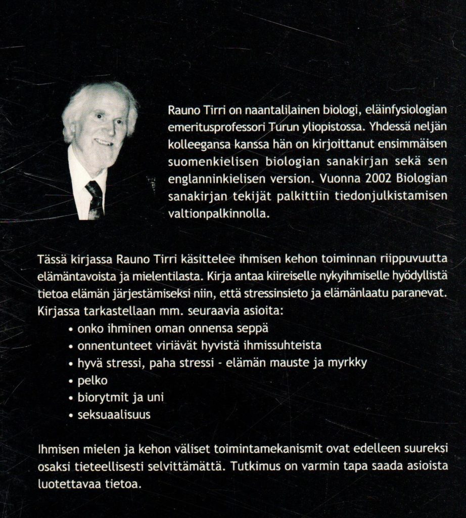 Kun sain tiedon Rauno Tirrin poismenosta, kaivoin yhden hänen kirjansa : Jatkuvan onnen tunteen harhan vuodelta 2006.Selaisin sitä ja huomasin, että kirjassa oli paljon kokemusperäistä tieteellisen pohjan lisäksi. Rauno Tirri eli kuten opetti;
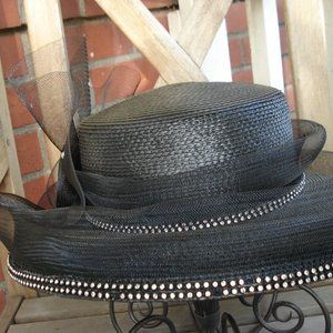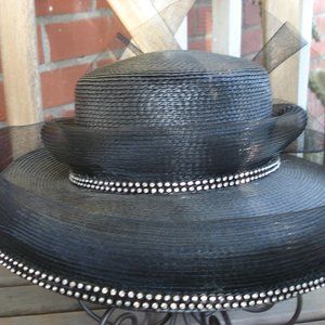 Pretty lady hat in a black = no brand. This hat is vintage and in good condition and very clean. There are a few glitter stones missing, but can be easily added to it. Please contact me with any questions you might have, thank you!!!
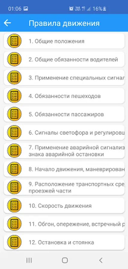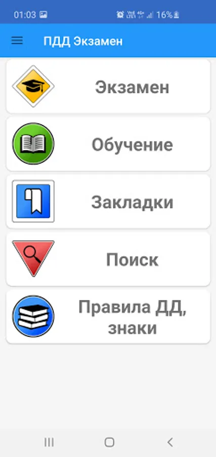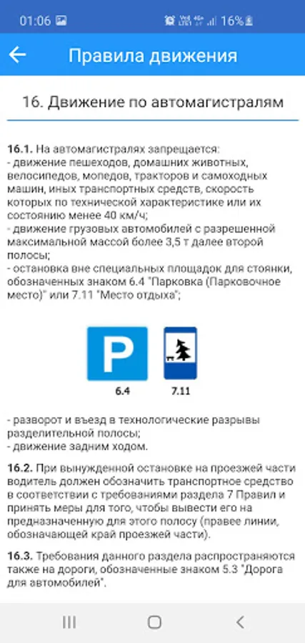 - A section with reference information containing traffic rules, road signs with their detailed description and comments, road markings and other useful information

Exercise prompt
The result should be the same data as above, line for line, with the pictures gone.

Final answer
 Kun sain tiedon Rauno Tirrin poismenosta, kaivoin yhden hänen kirjansa : Jatkuvan onnen tunteen harhan vuodelta 2006.Selaisin sitä ja huomasin, että kirjassa oli paljon kokemusperäistä tieteellisen pohjan lisäksi. Rauno Tirri eli kuten opetti;
 Pretty lady hat in a black = no brand. This hat is vintage and in good condition and very clean. There are a few glitter stones missing, but can be easily added to it. Please contact me with any questions you might have, thank you!!!
 - A section with reference information containing traffic rules, road signs with their detailed description and comments, road markings and other useful information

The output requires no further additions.